***** Exercise input
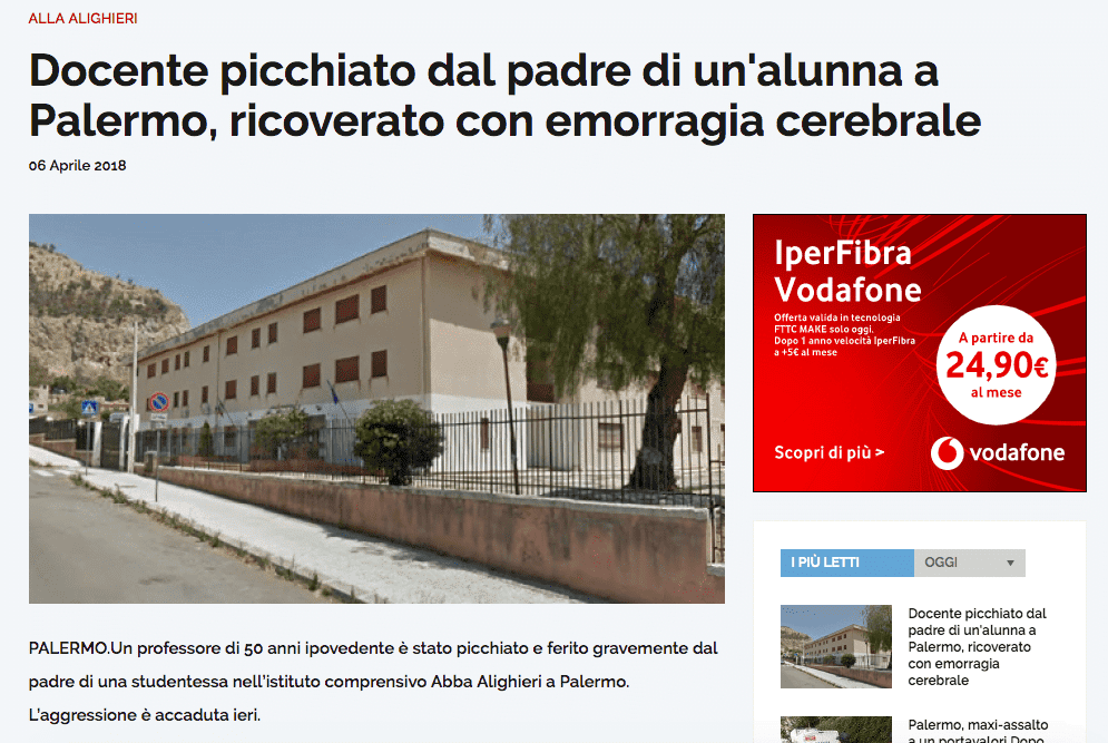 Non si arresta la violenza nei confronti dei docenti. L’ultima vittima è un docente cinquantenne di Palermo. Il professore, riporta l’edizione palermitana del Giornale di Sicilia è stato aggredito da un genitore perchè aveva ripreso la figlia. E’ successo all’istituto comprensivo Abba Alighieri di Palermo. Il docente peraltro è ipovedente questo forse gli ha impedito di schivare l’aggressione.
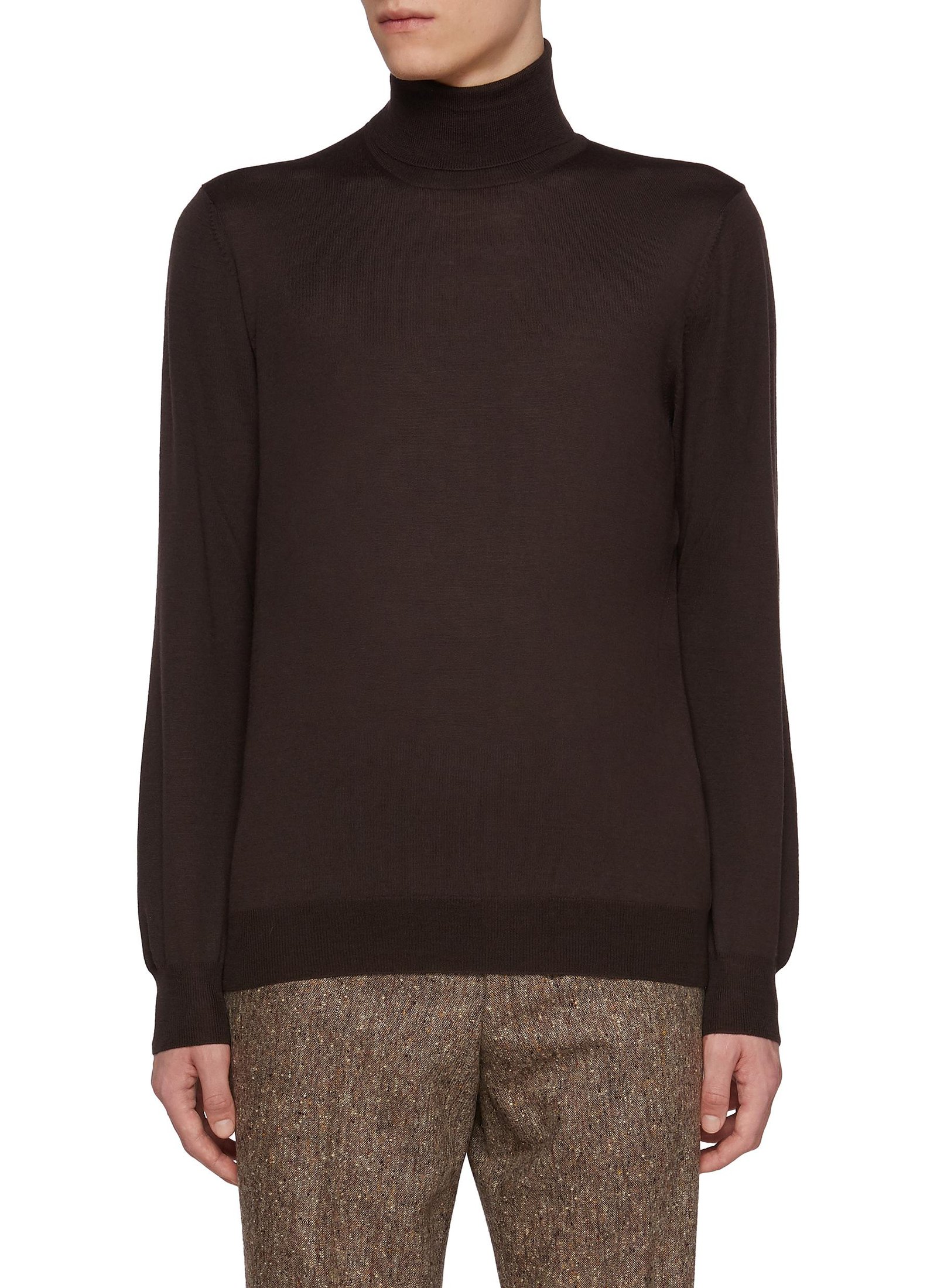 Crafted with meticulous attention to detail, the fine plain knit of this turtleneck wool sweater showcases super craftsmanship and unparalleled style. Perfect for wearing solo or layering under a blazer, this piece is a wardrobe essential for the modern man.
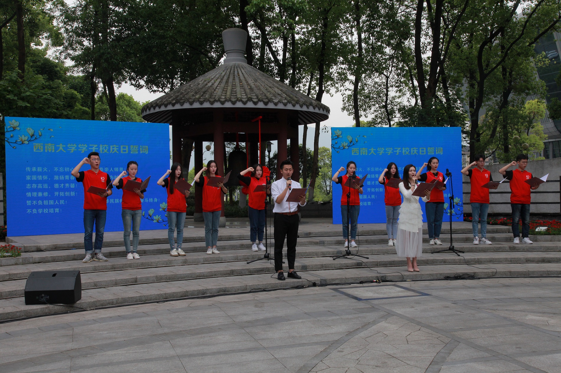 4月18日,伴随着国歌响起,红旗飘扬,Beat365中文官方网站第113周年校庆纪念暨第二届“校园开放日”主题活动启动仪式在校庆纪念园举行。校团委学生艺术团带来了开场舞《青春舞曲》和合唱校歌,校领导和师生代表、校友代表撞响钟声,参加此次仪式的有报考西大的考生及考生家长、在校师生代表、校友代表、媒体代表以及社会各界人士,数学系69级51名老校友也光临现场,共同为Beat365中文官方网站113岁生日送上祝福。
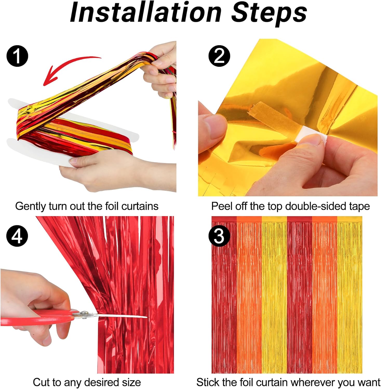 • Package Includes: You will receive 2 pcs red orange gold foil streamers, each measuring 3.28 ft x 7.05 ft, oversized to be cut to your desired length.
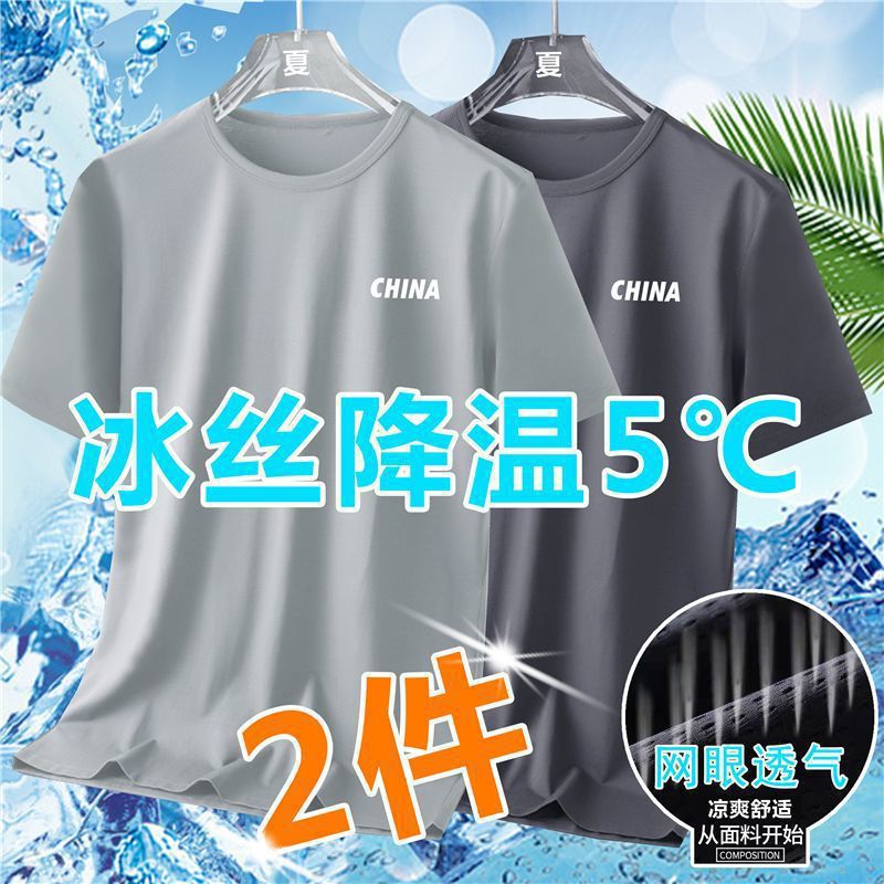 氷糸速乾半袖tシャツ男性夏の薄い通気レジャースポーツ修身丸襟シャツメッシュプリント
**********
Task brief — Your job is to repeat the data exactly, leaving each picture out.

Task solution —
 Non si arresta la violenza nei confronti dei docenti. L’ultima vittima è un docente cinquantenne di Palermo. Il professore, riporta l’edizione palermitana del Giornale di Sicilia è stato aggredito da un genitore perchè aveva ripreso la figlia. E’ successo all’istituto comprensivo Abba Alighieri di Palermo. Il docente peraltro è ipovedente questo forse gli ha impedito di schivare l’aggressione.
 Crafted with meticulous attention to detail, the fine plain knit of this turtleneck wool sweater showcases super craftsmanship and unparalleled style. Perfect for wearing solo or layering under a blazer, this piece is a wardrobe essential for the modern man.
 4月18日,伴随着国歌响起,红旗飘扬,Beat365中文官方网站第113周年校庆纪念暨第二届“校园开放日”主题活动启动仪式在校庆纪念园举行。校团委学生艺术团带来了开场舞《青春舞曲》和合唱校歌,校领导和师生代表、校友代表撞响钟声,参加此次仪式的有报考西大的考生及考生家长、在校师生代表、校友代表、媒体代表以及社会各界人士,数学系69级51名老校友也光临现场,共同为Beat365中文官方网站113岁生日送上祝福。
 • Package Includes: You will receive 2 pcs red orange gold foil streamers, each measuring 3.28 ft x 7.05 ft, oversized to be cut to your desired length.
 氷糸速乾半袖tシャツ男性夏の薄い通気レジャースポーツ修身丸襟シャツメッシュプリント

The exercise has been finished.